- [Task directions]:
Print, exactly as they stand, the lines below from the one that has "The Valerie Maxi" to the one that has "Ca. 1 Woche", inclusive, leaving out the pictures.

-------------------------

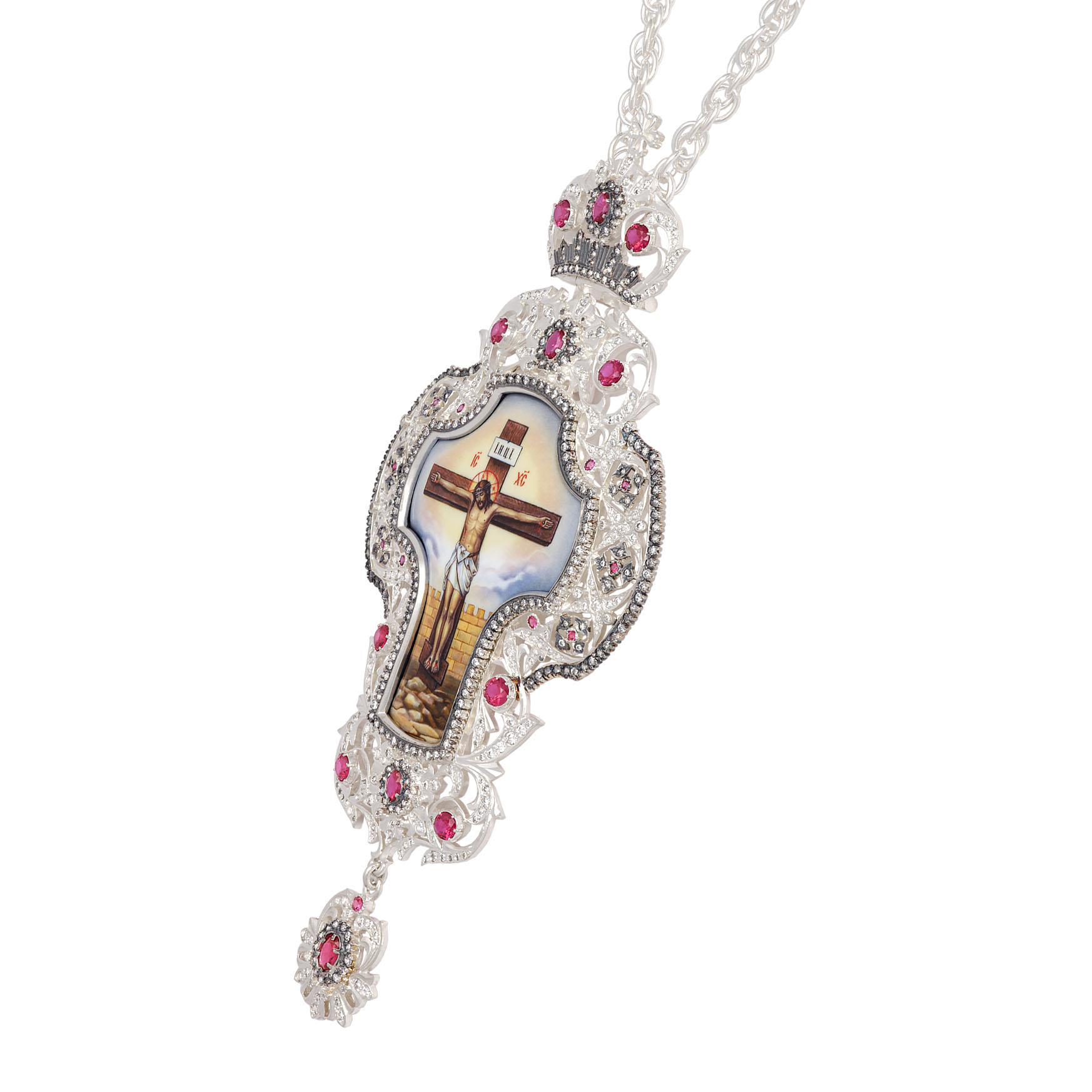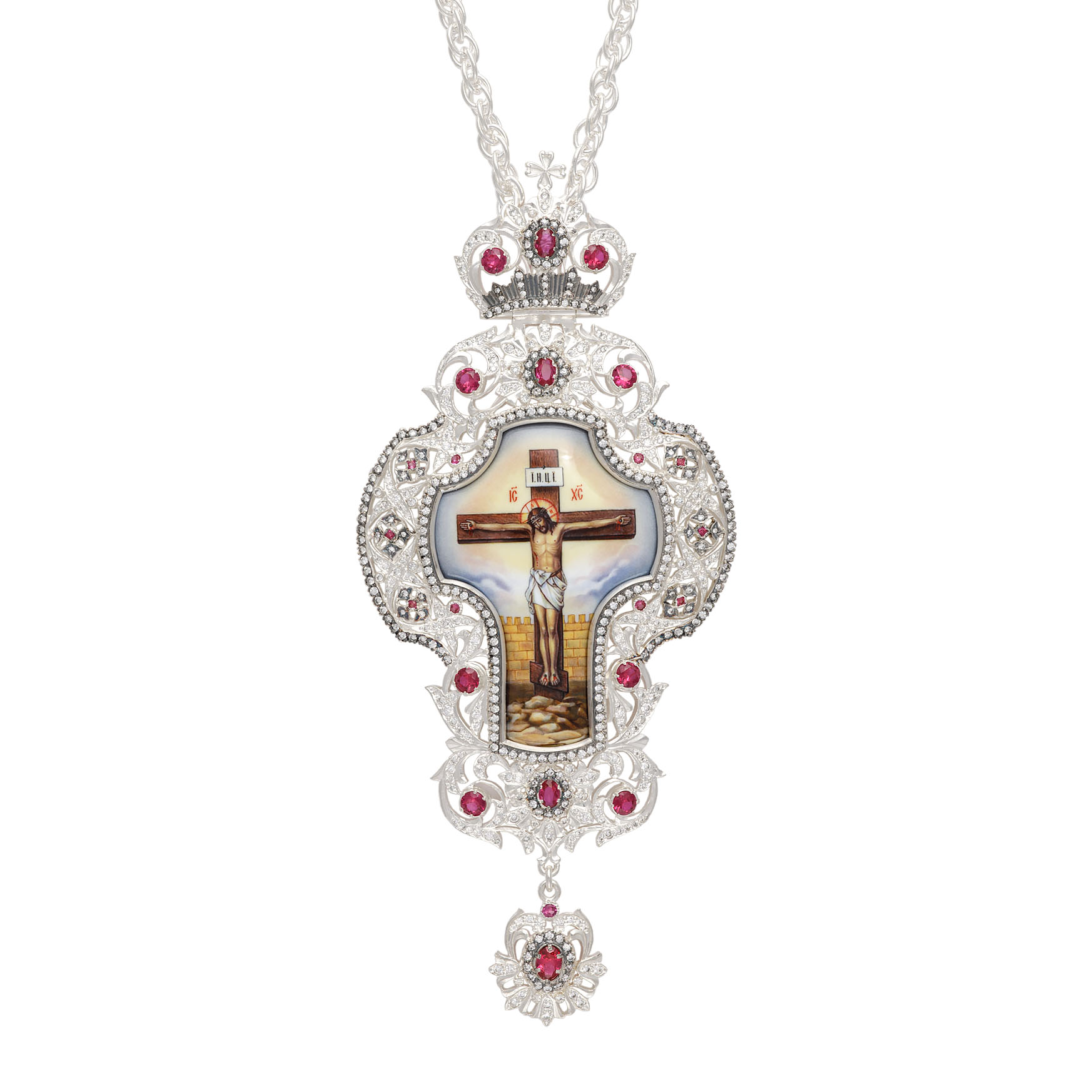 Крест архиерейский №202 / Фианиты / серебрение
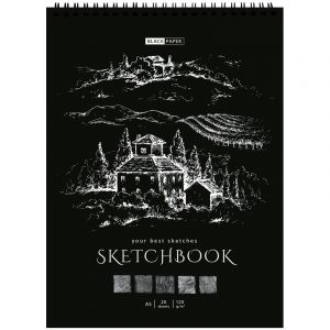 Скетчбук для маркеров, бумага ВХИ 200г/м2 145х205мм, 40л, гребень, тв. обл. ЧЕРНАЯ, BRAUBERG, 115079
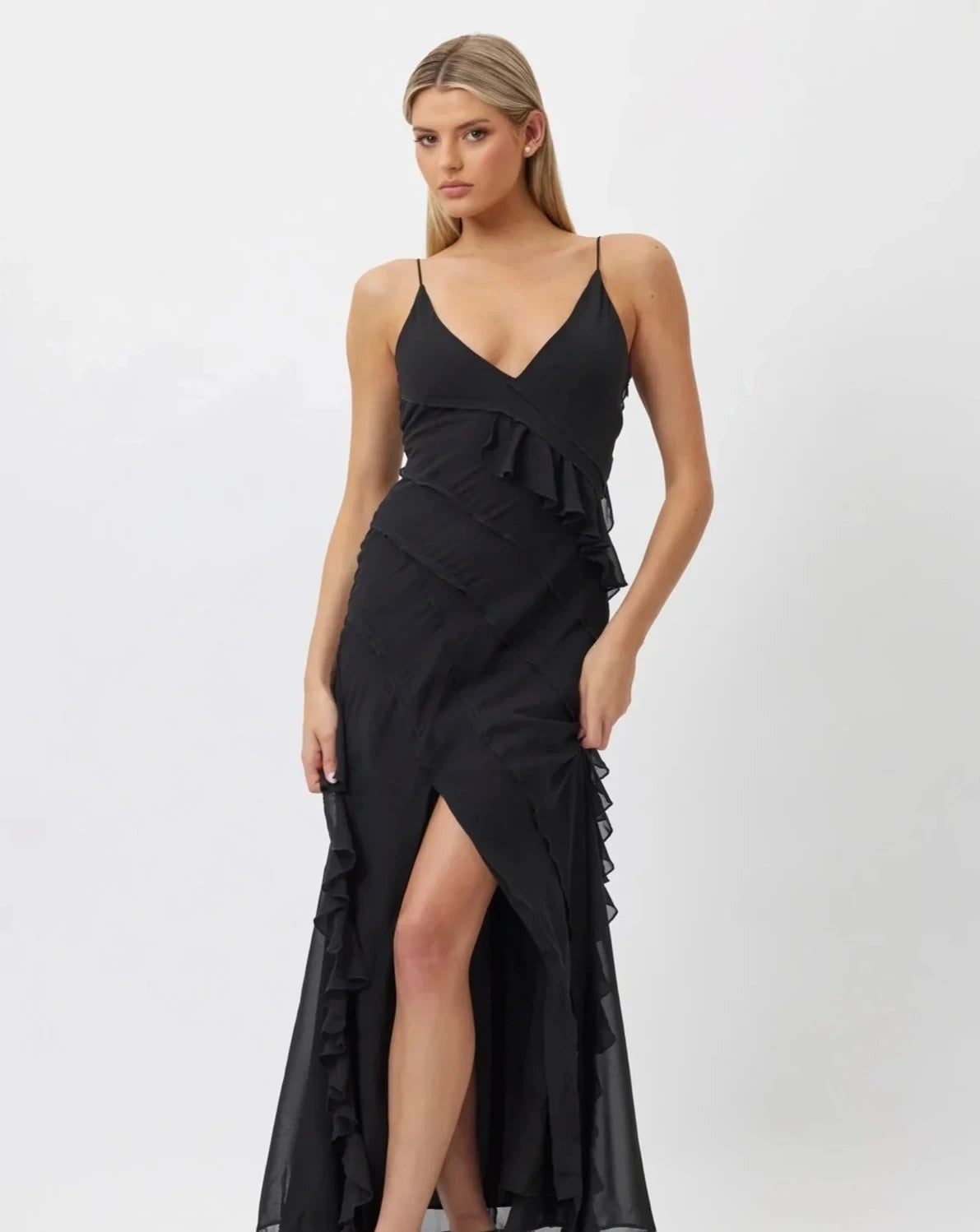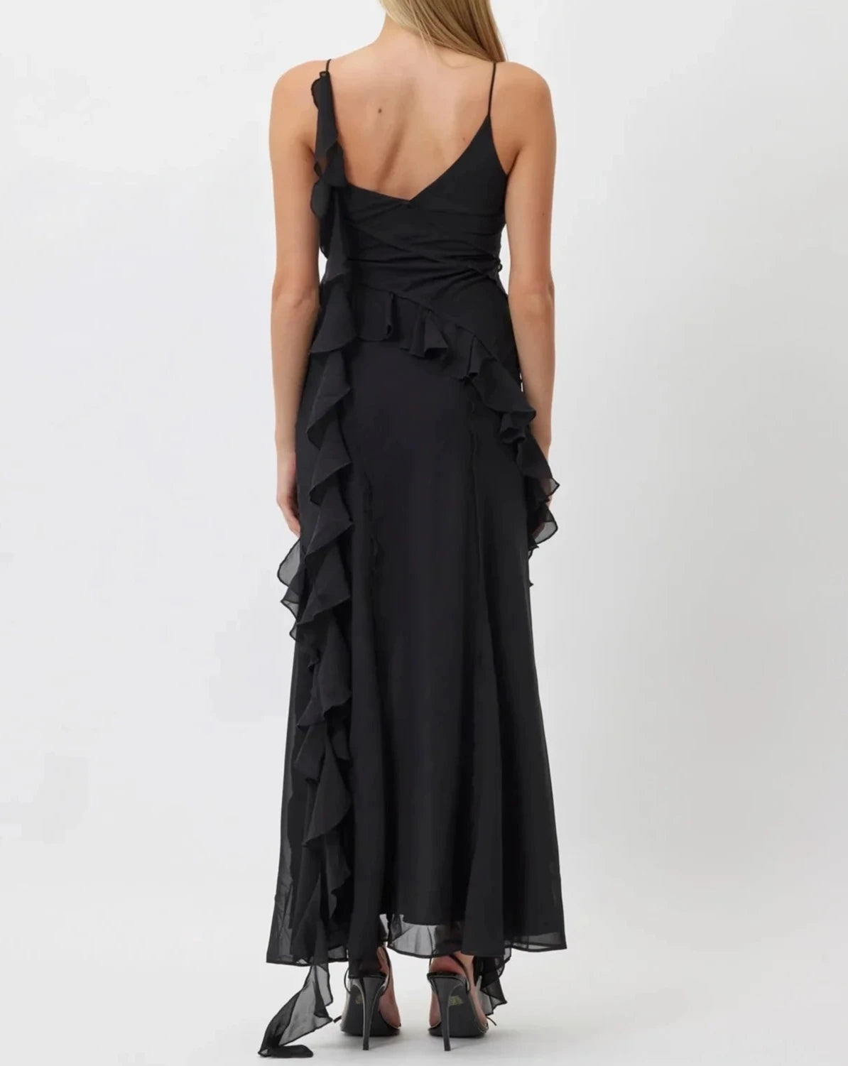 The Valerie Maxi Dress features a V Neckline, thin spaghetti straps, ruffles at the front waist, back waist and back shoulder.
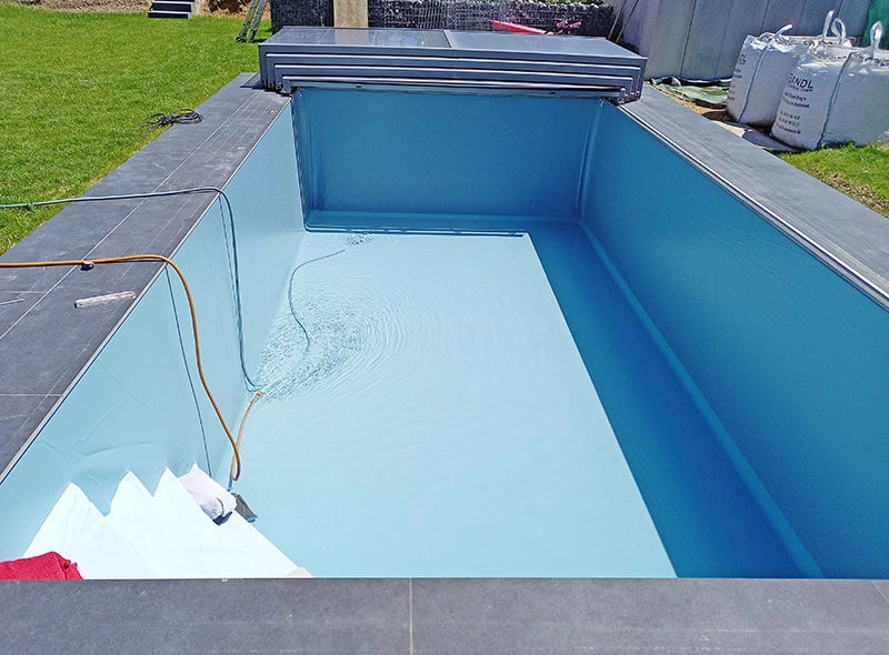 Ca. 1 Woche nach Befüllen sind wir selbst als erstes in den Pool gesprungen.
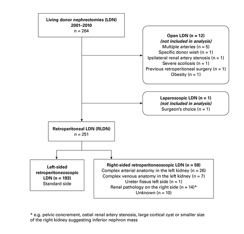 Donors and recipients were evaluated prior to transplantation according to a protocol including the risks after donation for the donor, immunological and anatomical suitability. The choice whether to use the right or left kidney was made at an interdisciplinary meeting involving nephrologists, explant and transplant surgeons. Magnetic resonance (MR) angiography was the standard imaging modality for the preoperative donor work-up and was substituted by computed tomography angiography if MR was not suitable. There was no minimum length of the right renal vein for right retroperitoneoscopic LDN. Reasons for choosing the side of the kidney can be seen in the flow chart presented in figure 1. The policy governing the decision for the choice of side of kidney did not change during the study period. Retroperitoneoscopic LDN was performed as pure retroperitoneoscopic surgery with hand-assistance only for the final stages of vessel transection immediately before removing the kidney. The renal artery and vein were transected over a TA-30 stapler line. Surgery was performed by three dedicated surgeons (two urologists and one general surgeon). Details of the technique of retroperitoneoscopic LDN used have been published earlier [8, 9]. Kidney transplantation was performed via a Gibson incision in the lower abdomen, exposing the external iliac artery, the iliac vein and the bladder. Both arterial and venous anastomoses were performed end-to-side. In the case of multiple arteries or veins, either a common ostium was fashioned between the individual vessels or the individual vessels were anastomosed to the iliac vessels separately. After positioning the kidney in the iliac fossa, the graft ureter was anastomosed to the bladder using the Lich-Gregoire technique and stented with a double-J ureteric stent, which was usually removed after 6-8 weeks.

-------------------------

- [Task output]:
 The Valerie Maxi Dress features a V Neckline, thin spaghetti straps, ruffles at the front waist, back waist and back shoulder.
 Ca. 1 Woche nach Befüllen sind wir selbst als erstes in den Pool gesprungen.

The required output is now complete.